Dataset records
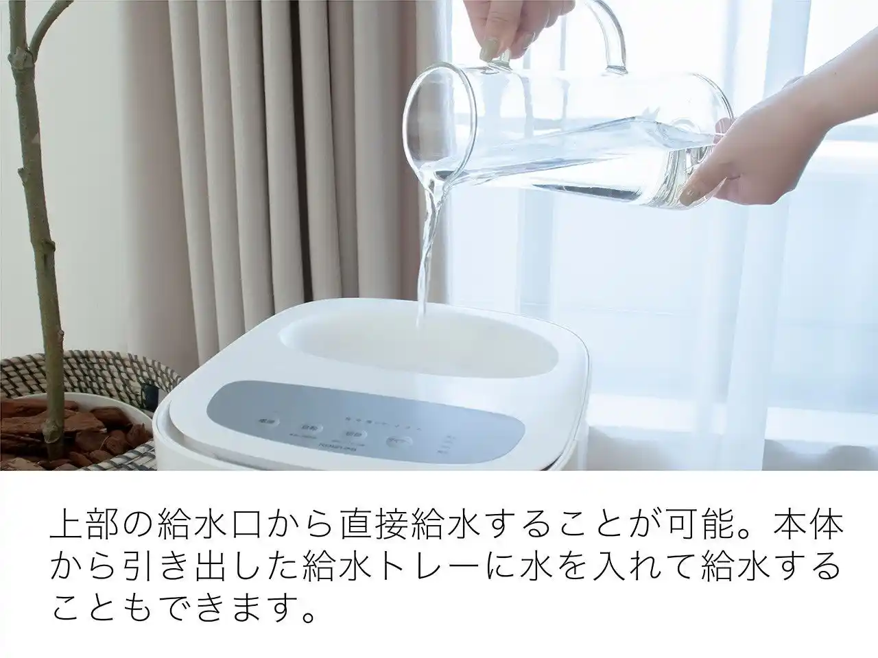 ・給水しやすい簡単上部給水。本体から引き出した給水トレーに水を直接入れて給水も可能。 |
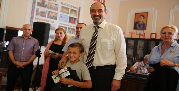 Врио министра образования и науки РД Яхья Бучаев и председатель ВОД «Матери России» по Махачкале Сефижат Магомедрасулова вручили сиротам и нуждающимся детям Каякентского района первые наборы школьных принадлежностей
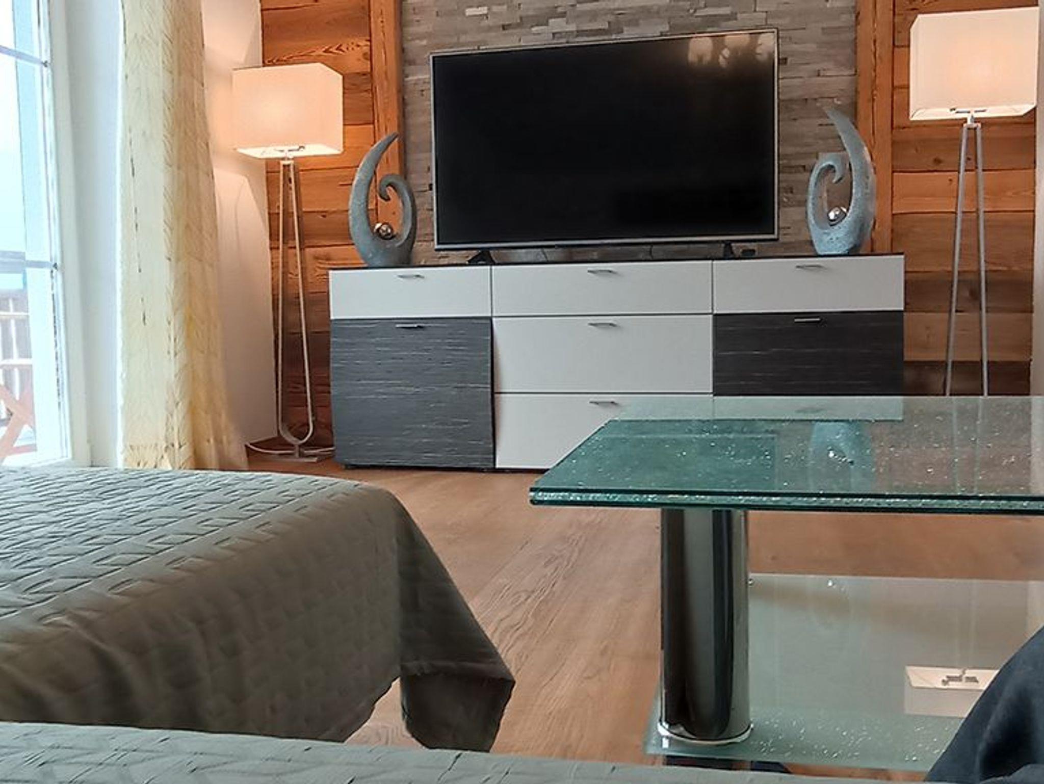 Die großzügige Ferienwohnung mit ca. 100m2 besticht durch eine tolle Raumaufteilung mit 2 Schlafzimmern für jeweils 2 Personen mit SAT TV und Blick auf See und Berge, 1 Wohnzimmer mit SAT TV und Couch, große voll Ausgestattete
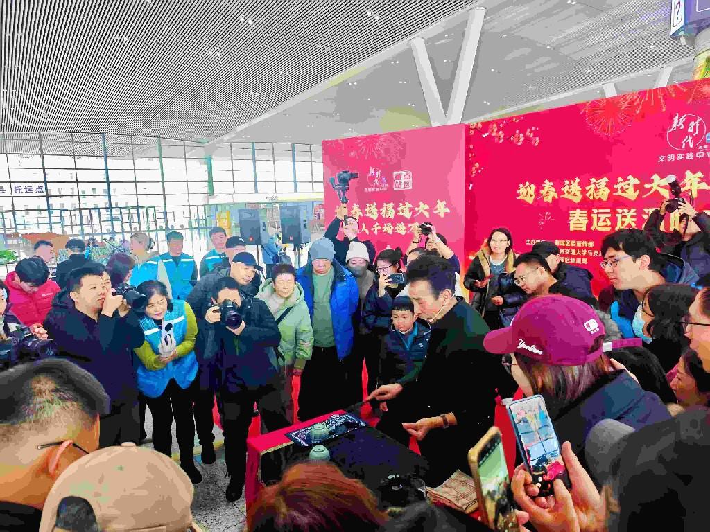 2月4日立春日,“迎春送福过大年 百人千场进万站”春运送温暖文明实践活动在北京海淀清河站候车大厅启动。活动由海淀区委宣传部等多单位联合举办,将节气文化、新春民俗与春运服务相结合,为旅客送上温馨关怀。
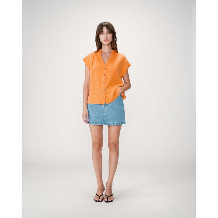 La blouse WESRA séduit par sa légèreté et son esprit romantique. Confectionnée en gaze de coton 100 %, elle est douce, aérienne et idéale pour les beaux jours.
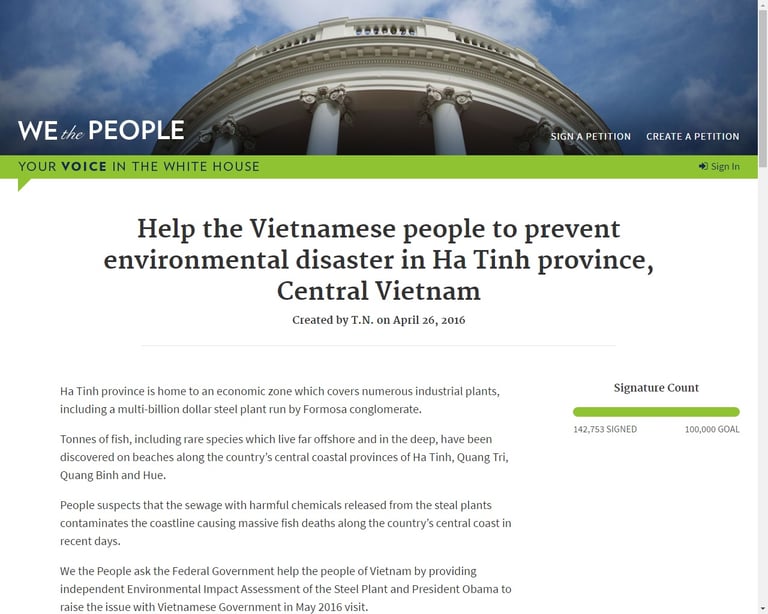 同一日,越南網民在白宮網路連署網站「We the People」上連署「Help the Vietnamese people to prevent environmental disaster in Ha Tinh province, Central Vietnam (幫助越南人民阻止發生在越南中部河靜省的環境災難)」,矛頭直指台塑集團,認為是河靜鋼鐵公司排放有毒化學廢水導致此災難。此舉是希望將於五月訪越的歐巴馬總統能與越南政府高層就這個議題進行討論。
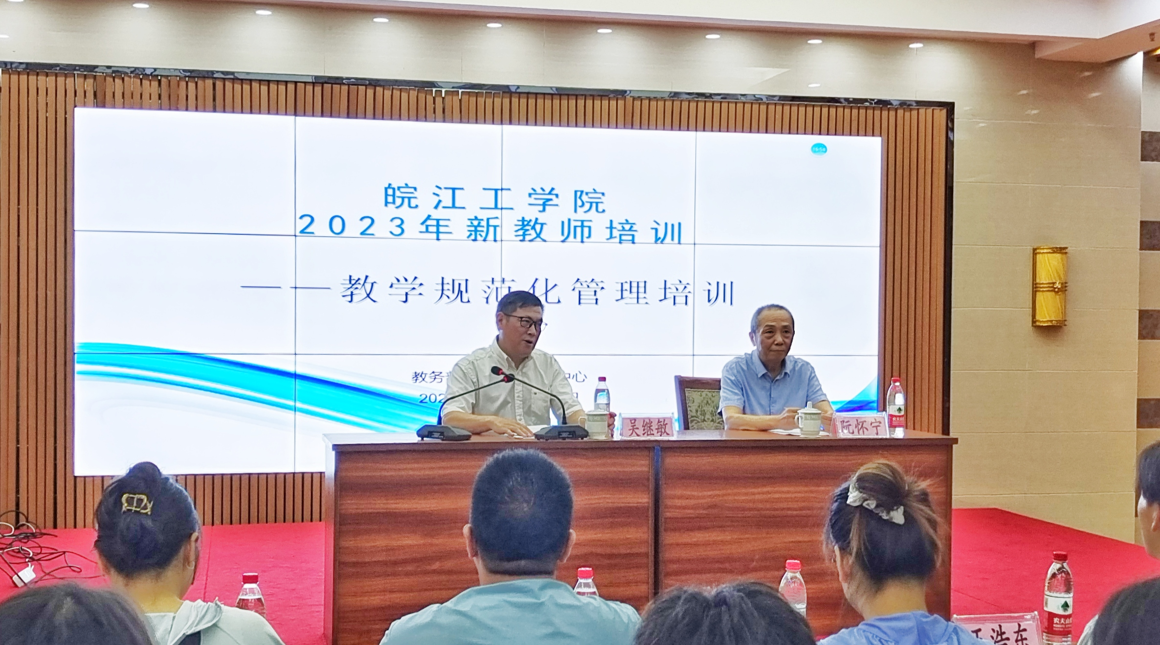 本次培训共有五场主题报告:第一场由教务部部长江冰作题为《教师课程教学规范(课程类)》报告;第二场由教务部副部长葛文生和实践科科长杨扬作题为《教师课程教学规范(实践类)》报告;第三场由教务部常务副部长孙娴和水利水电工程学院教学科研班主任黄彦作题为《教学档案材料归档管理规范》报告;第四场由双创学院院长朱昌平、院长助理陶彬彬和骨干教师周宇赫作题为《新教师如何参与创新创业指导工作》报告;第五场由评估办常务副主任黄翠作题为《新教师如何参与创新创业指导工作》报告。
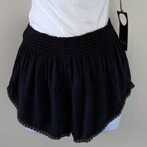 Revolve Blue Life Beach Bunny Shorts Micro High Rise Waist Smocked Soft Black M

> _Work item_:
Retype exactly, and only, the lines from the one containing "同一日,越南網民在白宮網路連署網站「We the People」上連署「Help" through the end of the records above. Pictures stay out of the copy.

> _Expected answer_:
 同一日,越南網民在白宮網路連署網站「We the People」上連署「Help the Vietnamese people to prevent environmental disaster in Ha Tinh province, Central Vietnam (幫助越南人民阻止發生在越南中部河靜省的環境災難)」,矛頭直指台塑集團,認為是河靜鋼鐵公司排放有毒化學廢水導致此災難。此舉是希望將於五月訪越的歐巴馬總統能與越南政府高層就這個議題進行討論。
 本次培训共有五场主题报告:第一场由教务部部长江冰作题为《教师课程教学规范(课程类)》报告;第二场由教务部副部长葛文生和实践科科长杨扬作题为《教师课程教学规范(实践类)》报告;第三场由教务部常务副部长孙娴和水利水电工程学院教学科研班主任黄彦作题为《教学档案材料归档管理规范》报告;第四场由双创学院院长朱昌平、院长助理陶彬彬和骨干教师周宇赫作题为《新教师如何参与创新创业指导工作》报告;第五场由评估办常务副主任黄翠作题为《新教师如何参与创新创业指导工作》报告。
 Revolve Blue Life Beach Bunny Shorts Micro High Rise Waist Smocked Soft Black M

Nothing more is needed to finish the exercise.